▶ **Exercise**: Repeat every record exactly as written, but leave out the pictures.

Segment Start: Input data

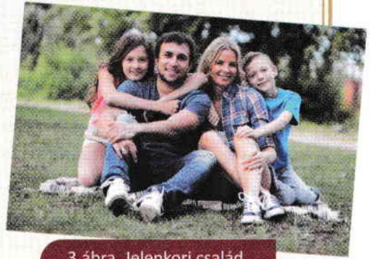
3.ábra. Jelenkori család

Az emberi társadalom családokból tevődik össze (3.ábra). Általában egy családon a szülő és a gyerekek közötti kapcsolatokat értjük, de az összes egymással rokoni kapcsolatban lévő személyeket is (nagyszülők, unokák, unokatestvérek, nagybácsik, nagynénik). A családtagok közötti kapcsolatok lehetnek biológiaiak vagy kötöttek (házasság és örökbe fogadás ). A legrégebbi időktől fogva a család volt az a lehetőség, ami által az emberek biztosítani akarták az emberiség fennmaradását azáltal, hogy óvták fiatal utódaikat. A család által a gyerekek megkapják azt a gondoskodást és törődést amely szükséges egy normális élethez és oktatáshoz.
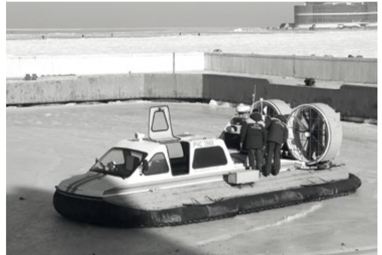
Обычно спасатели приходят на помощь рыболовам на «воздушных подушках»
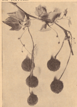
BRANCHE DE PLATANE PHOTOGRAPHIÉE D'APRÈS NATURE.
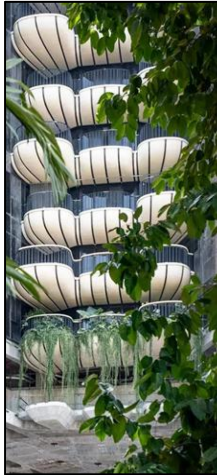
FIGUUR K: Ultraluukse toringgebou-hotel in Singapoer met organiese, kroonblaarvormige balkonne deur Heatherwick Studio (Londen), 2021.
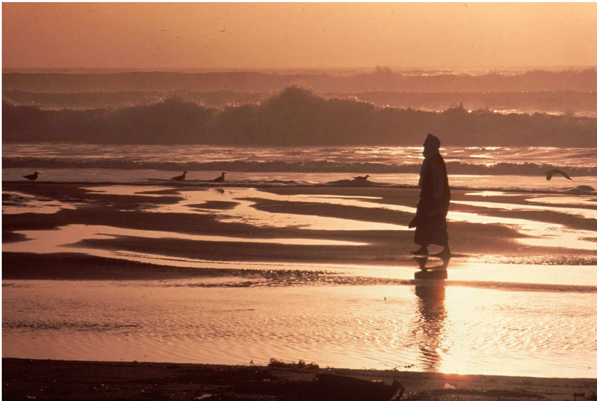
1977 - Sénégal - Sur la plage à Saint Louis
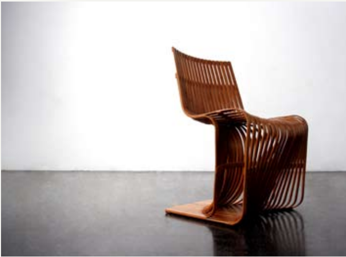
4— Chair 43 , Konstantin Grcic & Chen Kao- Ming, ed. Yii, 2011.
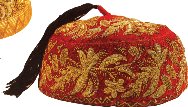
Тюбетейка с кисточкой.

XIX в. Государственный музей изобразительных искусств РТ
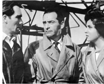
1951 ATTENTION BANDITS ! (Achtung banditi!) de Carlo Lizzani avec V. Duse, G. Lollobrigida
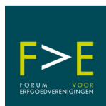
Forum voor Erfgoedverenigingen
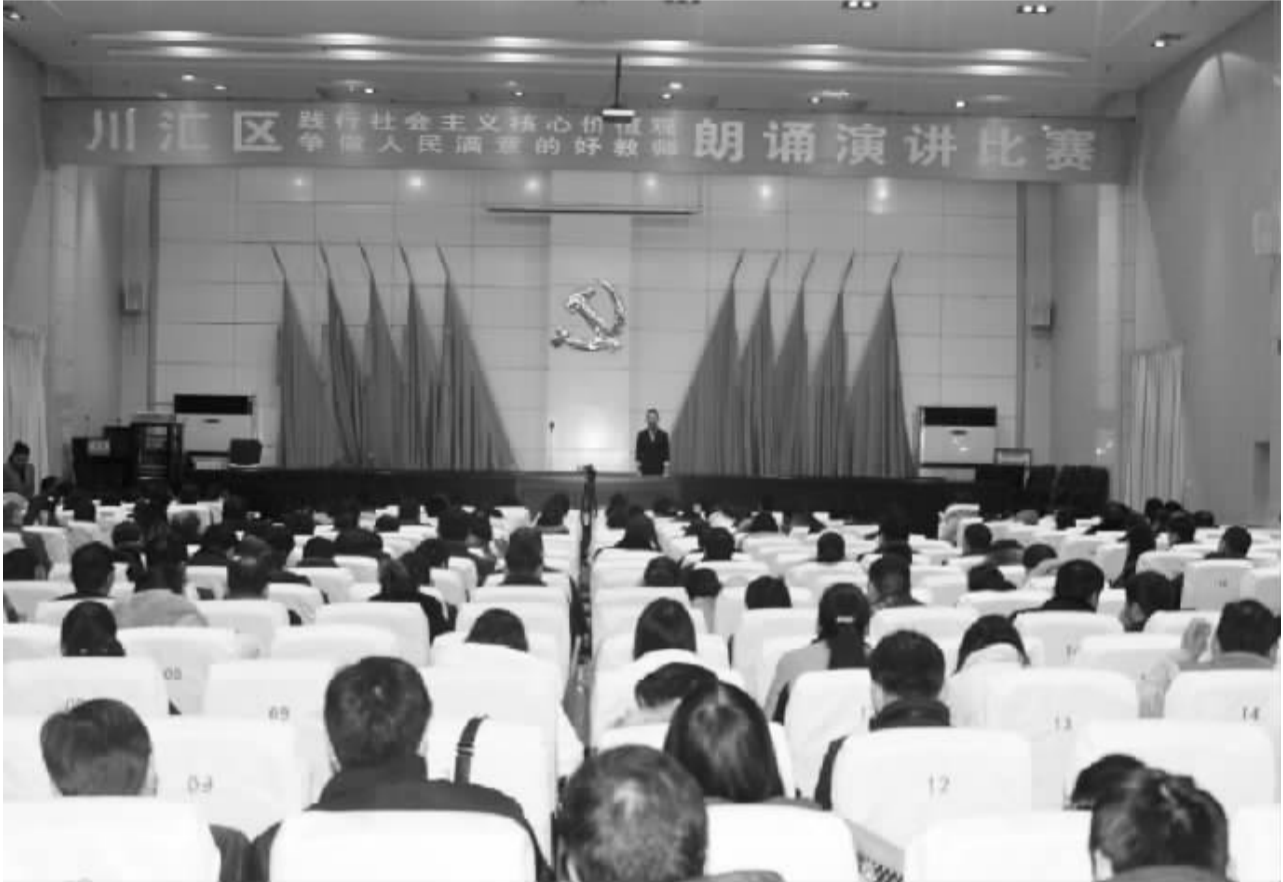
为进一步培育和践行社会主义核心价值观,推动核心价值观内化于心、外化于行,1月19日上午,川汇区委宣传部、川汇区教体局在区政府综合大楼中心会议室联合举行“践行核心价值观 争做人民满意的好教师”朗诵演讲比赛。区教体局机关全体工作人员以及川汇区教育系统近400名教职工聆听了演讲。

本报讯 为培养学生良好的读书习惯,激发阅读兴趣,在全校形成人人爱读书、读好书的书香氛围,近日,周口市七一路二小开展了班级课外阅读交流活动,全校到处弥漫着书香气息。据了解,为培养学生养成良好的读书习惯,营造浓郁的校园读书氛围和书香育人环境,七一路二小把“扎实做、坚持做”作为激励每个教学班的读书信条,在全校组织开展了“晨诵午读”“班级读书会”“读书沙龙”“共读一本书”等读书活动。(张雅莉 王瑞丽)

Segment End: Input data

▶ **Answer below**:
3.ábra. Jelenkori család

Az emberi társadalom családokból tevődik össze (3.ábra). Általában egy családon a szülő és a gyerekek közötti kapcsolatokat értjük, de az összes egymással rokoni kapcsolatban lévő személyeket is (nagyszülők, unokák, unokatestvérek, nagybácsik, nagynénik). A családtagok közötti kapcsolatok lehetnek biológiaiak vagy kötöttek (házasság és örökbe fogadás ). A legrégebbi időktől fogva a család volt az a lehetőség, ami által az emberek biztosítani akarták az emberiség fennmaradását azáltal, hogy óvták fiatal utódaikat. A család által a gyerekek megkapják azt a gondoskodást és törődést amely szükséges egy normális élethez és oktatáshoz.
Обычно спасатели приходят на помощь рыболовам на «воздушных подушках»
BRANCHE DE PLATANE PHOTOGRAPHIÉE D'APRÈS NATURE.
FIGUUR K: Ultraluukse toringgebou-hotel in Singapoer met organiese, kroonblaarvormige balkonne deur Heatherwick Studio (Londen), 2021.
1977 - Sénégal - Sur la plage à Saint Louis
4— Chair 43 , Konstantin Grcic & Chen Kao- Ming, ed. Yii, 2011.
Тюбетейка с кисточкой.

XIX в. Государственный музей изобразительных искусств РТ
1951 ATTENTION BANDITS ! (Achtung banditi!) de Carlo Lizzani avec V. Duse, G. Lollobrigida
Forum voor Erfgoedverenigingen
为进一步培育和践行社会主义核心价值观,推动核心价值观内化于心、外化于行,1月19日上午,川汇区委宣传部、川汇区教体局在区政府综合大楼中心会议室联合举行“践行核心价值观 争做人民满意的好教师”朗诵演讲比赛。区教体局机关全体工作人员以及川汇区教育系统近400名教职工聆听了演讲。

本报讯 为培养学生良好的读书习惯,激发阅读兴趣,在全校形成人人爱读书、读好书的书香氛围,近日,周口市七一路二小开展了班级课外阅读交流活动,全校到处弥漫着书香气息。据了解,为培养学生养成良好的读书习惯,营造浓郁的校园读书氛围和书香育人环境,七一路二小把“扎实做、坚持做”作为激励每个教学班的读书信条,在全校组织开展了“晨诵午读”“班级读书会”“读书沙龙”“共读一本书”等读书活动。(张雅莉 王瑞丽)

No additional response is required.